= Action–domain–responder =

Software architectural pattern

Action–domain–responder (ADR) is a software architectural pattern that was proposed by Paul M. Jones as a refinement of Model–view–controller (MVC) that is better suited for web applications. ADR was devised to match the request-response flow of HTTP communications more closely than MVC, which was originally designed for desktop software applications. Similar to MVC, the pattern is divided into three parts.

== Components ==
- The action takes HTTP requests (URLs and their methods) and uses that input to interact with the domain, after which it passes the domain's output to one and only one responder.
- The domain can modify state, interacting with storage and/or manipulating data as needed. It contains the business logic.
- The responder builds the entire HTTP response from the domain's output which is given to it by the action.

== Comparison to MVC ==
ADR should not be mistaken for a renaming of MVC; however, some similarities do exist.
- The MVC model is very similar to the ADR domain.
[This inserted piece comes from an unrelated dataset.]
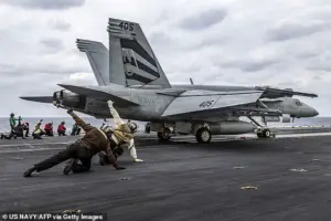 An F/A-18E Super Hornet, part of the Nimitz-class aircraft carrier USS Abraham Lincoln’s strike group, recently launched from the Arabian Sea, a routine operation that has drawn sharp attention from Tehran.
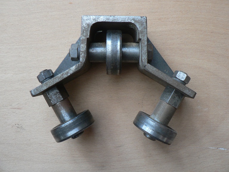 Nějaké opotřebení v místě styku a tlaku vždycky bude, hodně záleží na materiálu. Pokud to bude kalené, tak to bude téměř věčné, ale tohle je už hodně o penězích. To co navrhujete by bylo lepší... dole by stačilo jen opěrné ložisko . Není to ale fixované směrem do prava. Za určitých okolností by s tím mohl být problém. Musí to být konstruované tak, aby se to nemohlo hnout nikam.Já jsem to tenkrát dělal z toho , co jsem měl k dispozici tudíž, aby to bylo co nejlevnější ( no jo, to byly ty začátky ). Konstrukce toho vozíku a dráhy musí být dostatečně tuhá vůči uvažovanému zatížení ... potom nemůže dojít k rozevření rolen a nějakému uvolnění. Kdysi jsem si začal připravovat vylepšení, ale pak to život nějak zašmodrchal jinak

The difference is in behavior: in MVC, the view can send information to or modify the model, whereas in ADR, the domain only receives information from the action, not the responder.
- In web-centric MVC, the view is merely used by the controller to generate the content of a response, which the controller could then manipulate before sending as output. In ADR, execution control passes to the responder after the action finishes interacting with the domain, and thus the responder is entirely responsible for generating all output. The responder can then use any view or template system that it needs to.
- MVC controllers usually contain several methods that, when combined in a single class, require additional logic to handle properly, like pre- and post-action hooks. Each ADR action, however, is represented by separate classes or closures. In terms of behavior, the action interacts with the domain in the same way that the MVC controller interacts with the model, except that the action does not then interact with a view or template system, but rather passes control to the responder which handles that.